Your objective:
Word for word, retype the lines from the one containing "Steph Morgan: fakie" to the one containing "Mini LED downlight" below, keeping both end lines and dropping the pictures.

Supplied material:
---
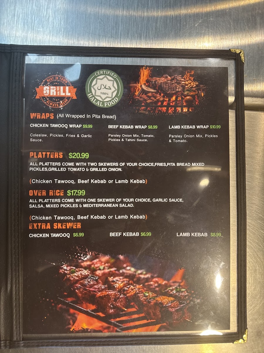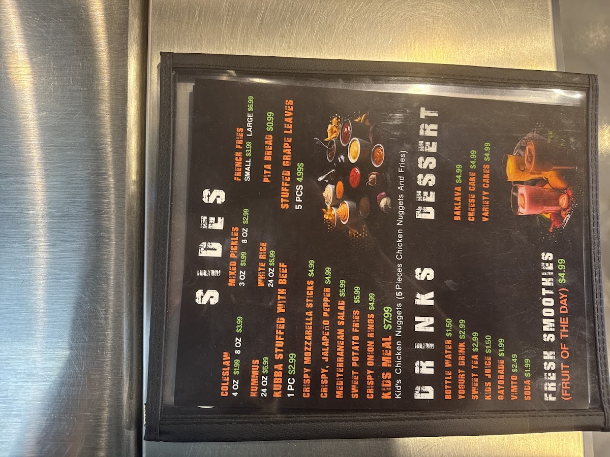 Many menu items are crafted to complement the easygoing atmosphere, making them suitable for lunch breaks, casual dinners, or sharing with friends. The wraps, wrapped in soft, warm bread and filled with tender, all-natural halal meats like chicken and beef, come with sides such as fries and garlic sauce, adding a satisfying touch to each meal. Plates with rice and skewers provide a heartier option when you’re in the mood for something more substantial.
---
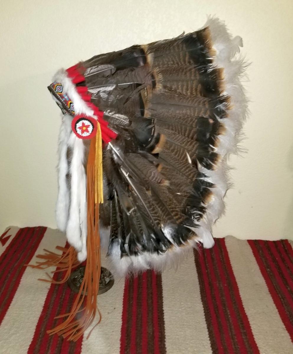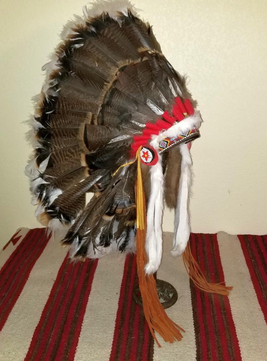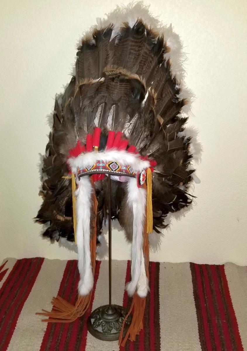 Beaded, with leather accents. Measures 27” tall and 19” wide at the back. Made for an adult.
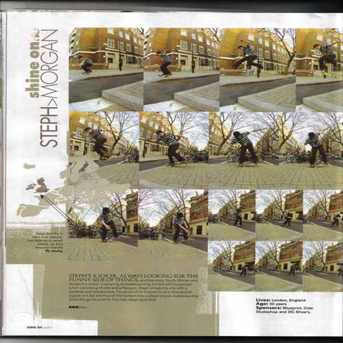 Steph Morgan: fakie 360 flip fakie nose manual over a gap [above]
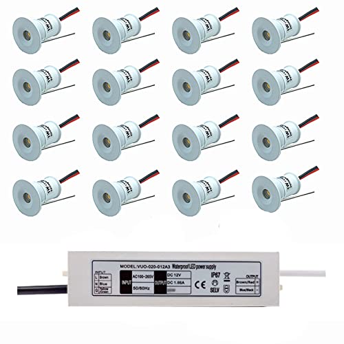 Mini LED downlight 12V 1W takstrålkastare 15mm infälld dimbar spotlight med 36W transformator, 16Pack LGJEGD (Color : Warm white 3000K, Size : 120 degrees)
---
Task response:
 Steph Morgan: fakie 360 flip fakie nose manual over a gap [above]
 Mini LED downlight 12V 1W takstrålkastare 15mm infälld dimbar spotlight med 36W transformator, 16Pack LGJEGD (Color : Warm white 3000K, Size : 120 degrees)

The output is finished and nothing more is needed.